Cytotoxic T lymphocytes (CTL) epitope prediction
CTL epitopes for all secretory proteins of L. donovani were predicted using NetCTL 1.2 server (http://www.cbs.dtu.dk/services/NetCTL/). The prediction was based on three main components namely prediction of MHC-I binding peptides, proteasomal C-terminal cleavage, and TAP (Transporter Associated with Antigen Processing) transport efficiency. MHC-I binding and proteasomal C-terminal cleavage were achieved by the utilization of artificial neural networks whereas prediction of TAP transporter efficiency was done by the weight matrix. The threshold value for epitope identification was set as 0.75 during prediction of CTL epitopes.
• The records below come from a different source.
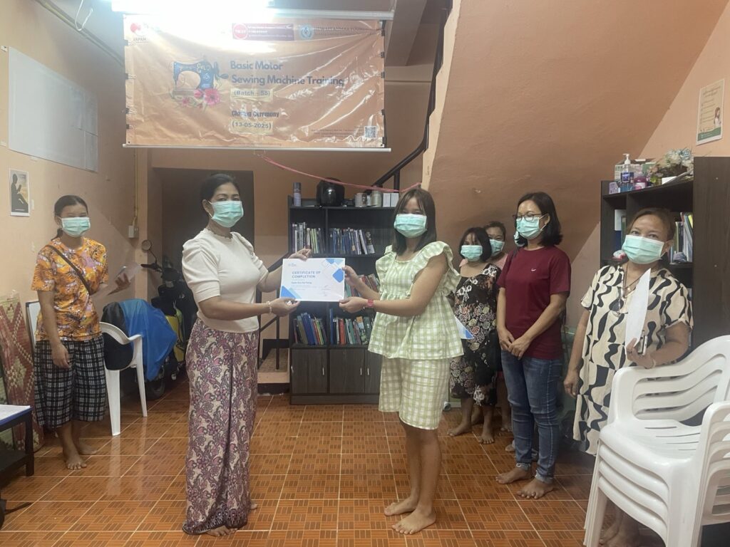 ၂၀၂၅ ခုနှစ်၊ မေလ (၂) ရက်နေ့ မှ (၁၃) ရက်နေ့အထိ (၁၂) ရက်ကြာ ဖွင့်လှစ်သင်ကြားပေးခဲ့သော New Myanmar Foundation ၏ အခမဲ့အခြေခံလျှပ်စစ်မော်တာ စက်ချုပ်သင်တန်း အပတ်စဉ် (၅၈) သင်တန်းဆင်းပွဲ အခမ်း အနား ကို ၂၀၂၅ ခုနှစ်၊ မေလ (၁၃) ရက်နေ့ ညနေ (၀၄: ၃၀) နာရီတွင် ထိုင်း-မြန်မာနယ်စပ်ဒေသရှိ နယူးမြန်မာ ဖောင်ဒေးရှင်း၏ စက်ချုပ်သင်တန်းခန်းမတွင် ကျင်းပပြုလုပ်ခဲ့ပါသည်။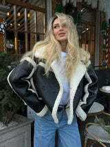 This women’s short winter jacket features an oversized silhouette with a standout contrast trim for a striking, modern look. The warm winter coat design includes a wide collar and relaxed fit, making it perfect for layering over everyday outfits. Ideal for adding both comfort and style to your cold-weather wardrobe.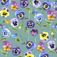 Viooltjes in verschillende kleuren in het voorjaar gemaakt in aquarel als patroon.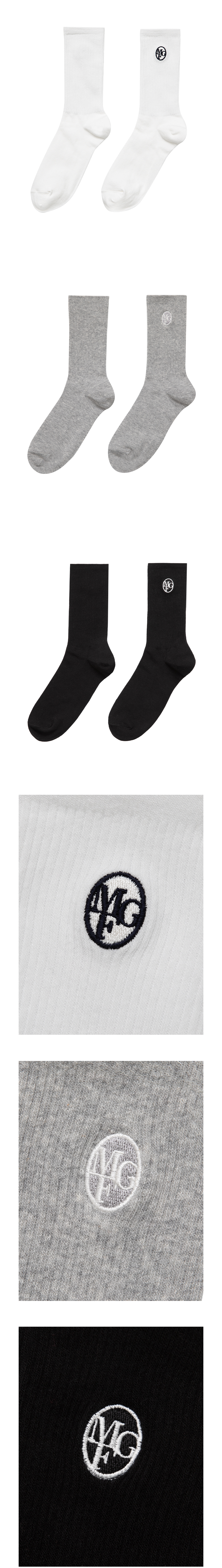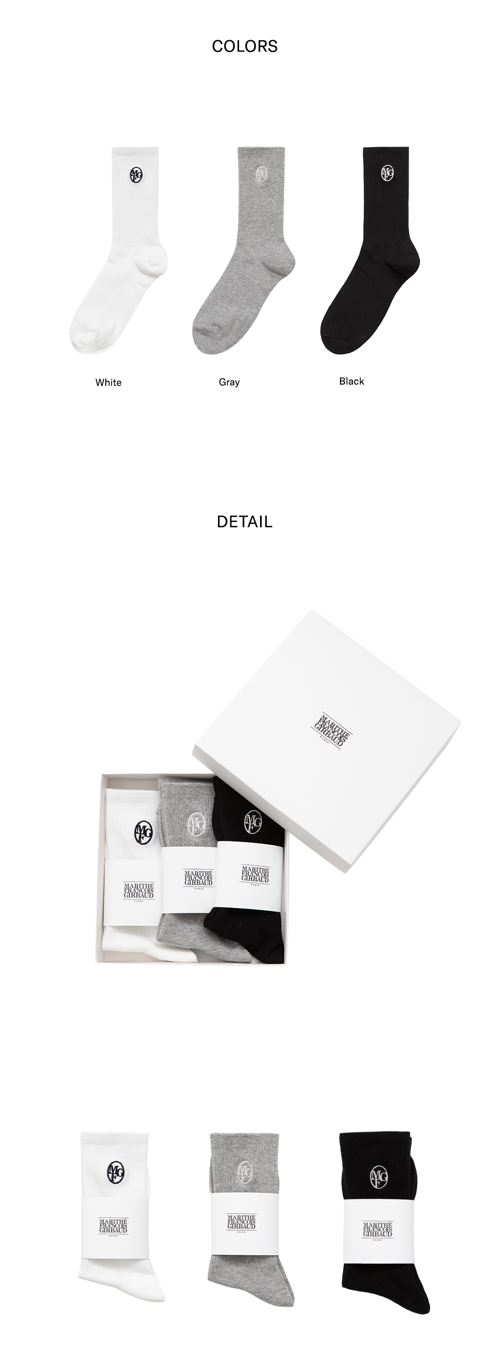 • 品牌經典刺繡襪,黑/白/灰各一雙
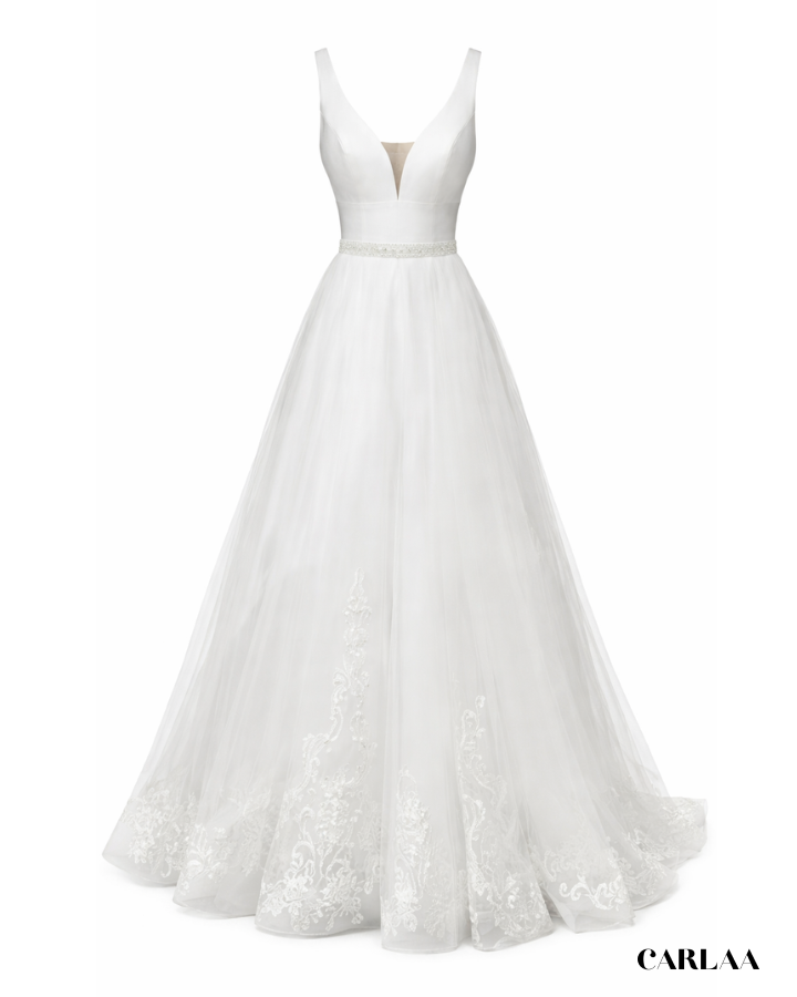 Adopte un style nuptial moderne avec cette combinaison de mariage au col V.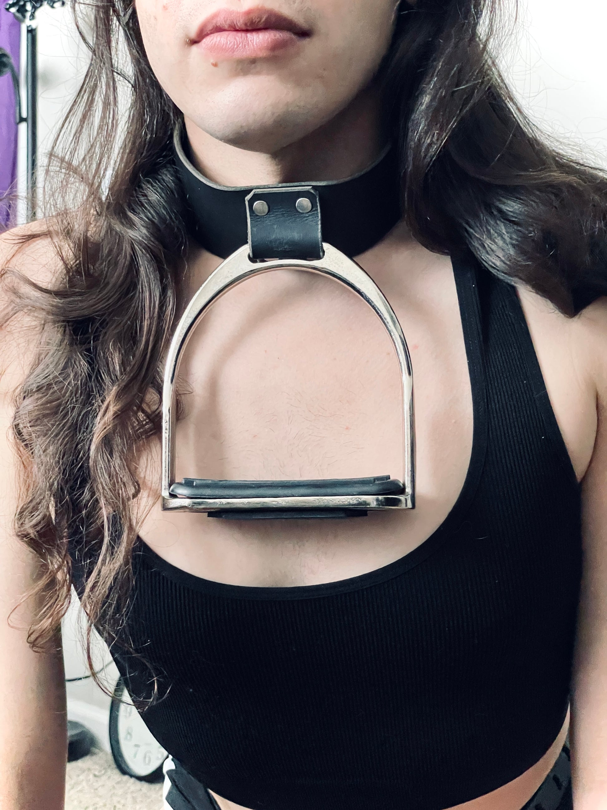 This stainless steel stirrup collar is constructed with thick leather and stainless steel hardware. The stirrup itself has a removable rubber pad for easy cleaning.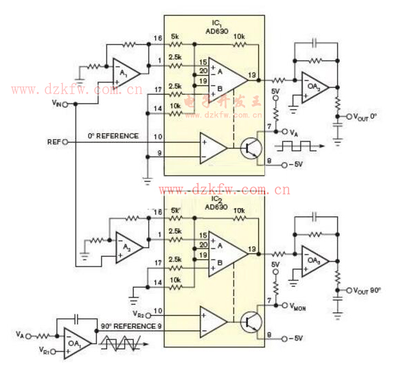 图1:OA1把双极VA信号积分,并创建三角波。VR1和VR2获得关于VA的90。相移基准电压。

Helper T-cell (HTL) epitope prediction
HTL epitopes of 15-mer length for mouse alleles (IAb, IAd, IAs, IEb, IEd and IEs) were predicted for secretory proteins of L. donovani using Immune Epitope Database (IEDB) (http://www.iedb.org/). The IEDB server is based on the affinity for their receptor that can be inferred from the IC50 value assigned to each epitope. Peptides with higher affinity should have IC50 values <50 nM. The IC50 value <500 nM indicates an intermediate affinity while <5000 nM can be directly related to the low affinity of epitopes. The value of percentile rank can be inversely related to the affinity for each epitope.
B cell epitope prediction
B cell epitopes are antigenic determinants that are recognized and bound by receptors present on the surface of B lymphocytes. B-cell epitope prediction followed by its characterization leads to an essential part of antibody plan. BCPred (B cell epitope prediction) server (http://ailab.ist.psu.edu/bcpred/) is a novel method for predicting linear B-cell epitopes by using kernel methods. These are a class of algorithms for pattern analysis, whose best-known member is the SVM (support vector machine). The predictive performance of BCPred (AUC = 0.758) and its output performance is based on SVM as well as the implementation of AAP (Amino acid pair antigenicity) (AUC = 0.7)33. This method predicts linear B-cell epitopes using AAP. Further, for conformational B-cell epitopes prediction, ElliPro web tool (http://tools.iedb.org/ellipro/) was used. ElliPro is a structure-based approach for the prediction of antibody epitopes. It implements the result on the basis of Thornton’s method and residue clustering algorithm, the Modeller program and Jmol viewer, used for the prediction and visualization of antibody epitopes in a given structure. ElliPro associates each predicted epitope with a score, defined as a PI (protrusion index) value. According to this, it defines the 3D shape by a number of ellipsoids34. For each residue, a PI value is well defined based on the residue’s center of mass which is situated outside the largest possible ellipsoid. Residues with larger scores are related to greater solvent accessibility. Discontinuous epitopes based on PI value as well as clustered algorithms i.e. based on distance R lies in between residues center of mass. The residues with larger distance are linked with the larger discontinuous epitopes being predicted.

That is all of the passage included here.